Software Production Engineering: Build & Deploy Decoupling (and get some tests running in between!)

Pre-preface: We have about 50 heavily linked builds that make up our “core” environment. We’re trying to cut "major" release times from ~3 months to ~3 weeks. Check out the prior blog post for more background information.

---

In a continuous integration/continuous deployment shop, if you decouple the deployments away from the builds you will improve tester productivity, decrease test environment outages throughout the day, find defects earlier, speed up the builds, you are encouraged to invest and rewarded by investing in automated tests and ultimately position yourself for continuous production deployments ala Push Engineering. (scary, but woo!) That’s a lot of claims to make, so let’s get on with it.

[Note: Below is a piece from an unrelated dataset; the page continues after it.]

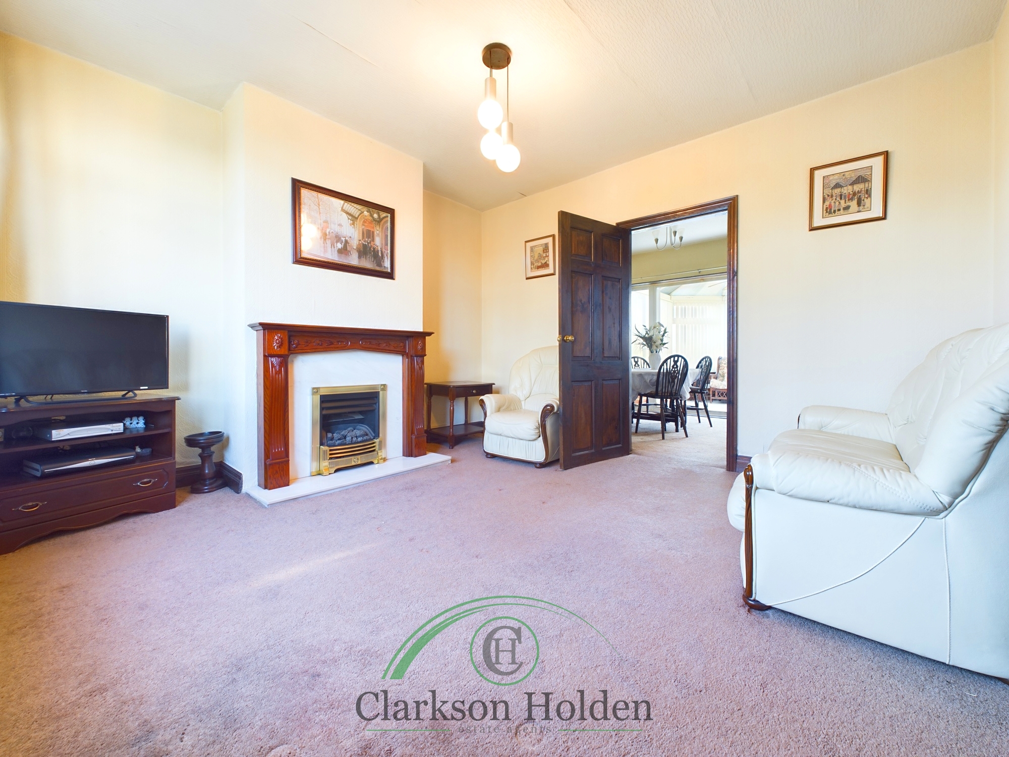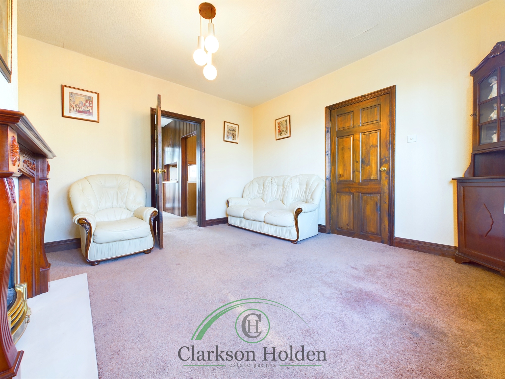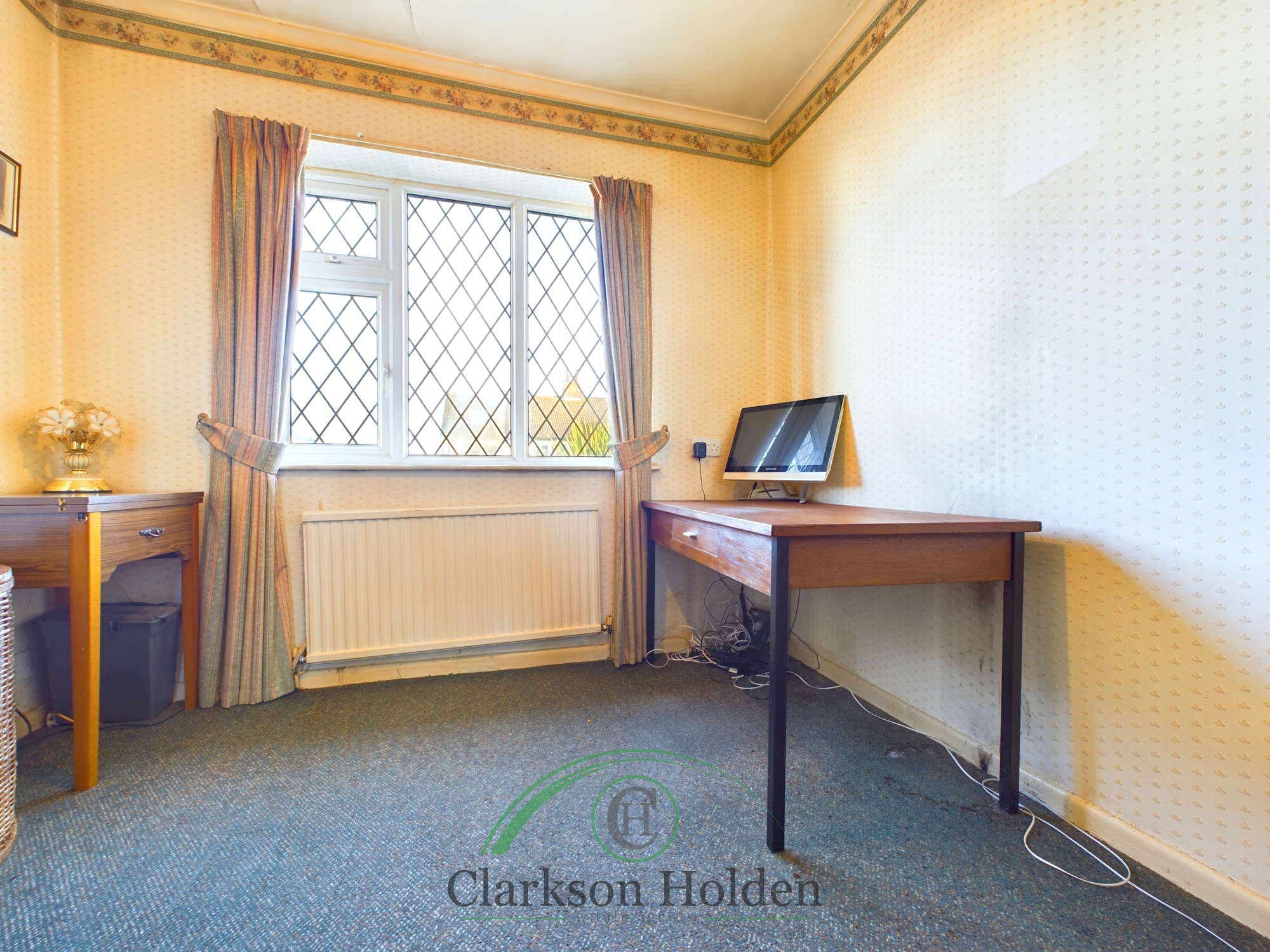 UPVC double glazed window to the front elevation, carpeted flooring, ,electric fireplace with oak mantelpiece, large window with fitted curtain rail, radiator.

Preface - this isn’t a step away from the Continuous Integration or Continuous Deployment methodology, it’s a refinement to keep it from becoming Continuous Interruption or Continuous Regression.

Productive testers

I’m willing to bet that if you build on every commit, 95% of your test environment stakeholders (development, QA, product owners, etc) that are using the environment in question aren’t looking for that specific fix/feature/revision at that moment. They want it eventually – usually after they are done testing the story they picked up after they sent the first story back to development with a defect. While they want that fix/feature/etc, they want a Quality change; they want the commit to build successfully so the build isn’t dead on arrival, they want it to pass the unit/system test suite (hopefully you’re at 100% coverage) so there is a high confidence you aren’t regressing existing critical functionality, and they want their test environment to get that revision at an expected time – either scheduled or on demand. The last thing testers want is to have their valuable time spent setting up a test wasted when the environment is reset on them for a defect fix or change they could not care less about.

Outages

A moderately sized software development unit – say, two teams adding up to 10 developers with Quality Assurance, Business Analysts, Project Managers, Database Admins and Developer Operations people – can generate a lot of environmental churn on a daily basis. Your busiest environment will probably be your lowest environment; I frequently see 10 developers able to commit 20-30 revisions every day to the dev branches, and then those revisions ( once they pass whatever gateway test/merge qualifications necessary) being selectively merged to the next more-mature environment – generally it divides by 2 or 3 each environment. So your 30 revisions in Dev turns to 10 in the next environment up, then 5, then 2, then maybe you’re up to Prod and it’s hopefully just one build ;) If you clump these deployment cycles into “a” number – without knowing your business or processes, there is no magic number – but let’s assume for a moment we go to four deployments a day in non-production – 9AM-Noon-3PM-6PM, and only when there are changes to push – you’re now limited to 4 deployment interruptions in your lowest environment, to one or two in all other non-prod environments, and it’s on an expected timetable. From ~50 continuous interruption deployments a day down to ~8 – that’s a slight improvement.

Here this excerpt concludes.